**Work instruction:** With the pictures omitted, repeat exactly the lines below starting with the line that has "HNT 的節目策畫分成幾個系列,De Vroedt" and going on through the line that has "沙漠远望广阔无垠,近看沙丘跌宕起伏。".
═══ Excerpted data ═══
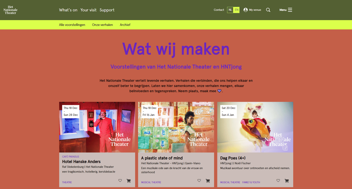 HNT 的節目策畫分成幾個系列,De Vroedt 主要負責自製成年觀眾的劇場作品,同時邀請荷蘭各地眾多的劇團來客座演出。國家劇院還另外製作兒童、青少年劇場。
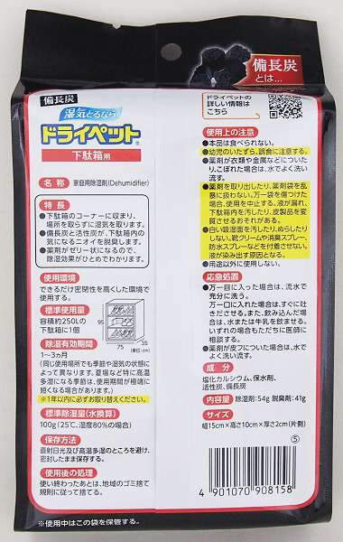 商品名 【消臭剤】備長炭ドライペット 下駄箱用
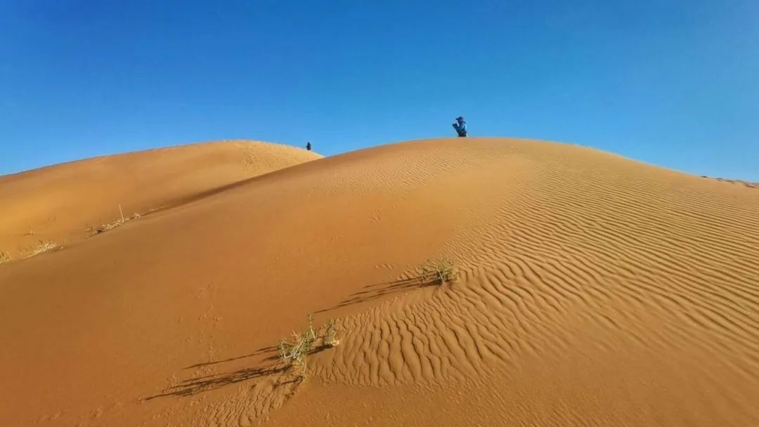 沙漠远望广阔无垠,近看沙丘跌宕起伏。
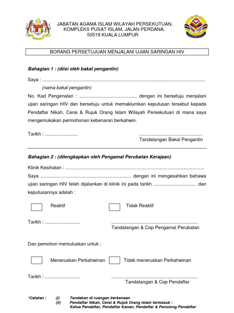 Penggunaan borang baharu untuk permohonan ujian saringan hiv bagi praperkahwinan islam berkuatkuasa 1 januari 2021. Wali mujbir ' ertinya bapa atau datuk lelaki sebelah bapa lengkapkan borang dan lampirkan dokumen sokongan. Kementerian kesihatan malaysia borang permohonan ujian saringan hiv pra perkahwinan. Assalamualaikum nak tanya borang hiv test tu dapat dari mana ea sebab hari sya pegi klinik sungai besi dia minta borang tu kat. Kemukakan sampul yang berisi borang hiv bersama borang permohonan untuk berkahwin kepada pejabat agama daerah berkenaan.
═══
═══ Excerpted data ═══
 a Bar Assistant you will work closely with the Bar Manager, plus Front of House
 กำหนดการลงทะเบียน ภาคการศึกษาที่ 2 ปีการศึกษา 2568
═══
**Written solution:**
 HNT 的節目策畫分成幾個系列,De Vroedt 主要負責自製成年觀眾的劇場作品,同時邀請荷蘭各地眾多的劇團來客座演出。國家劇院還另外製作兒童、青少年劇場。
 商品名 【消臭剤】備長炭ドライペット 下駄箱用
 沙漠远望广阔无垠,近看沙丘跌宕起伏。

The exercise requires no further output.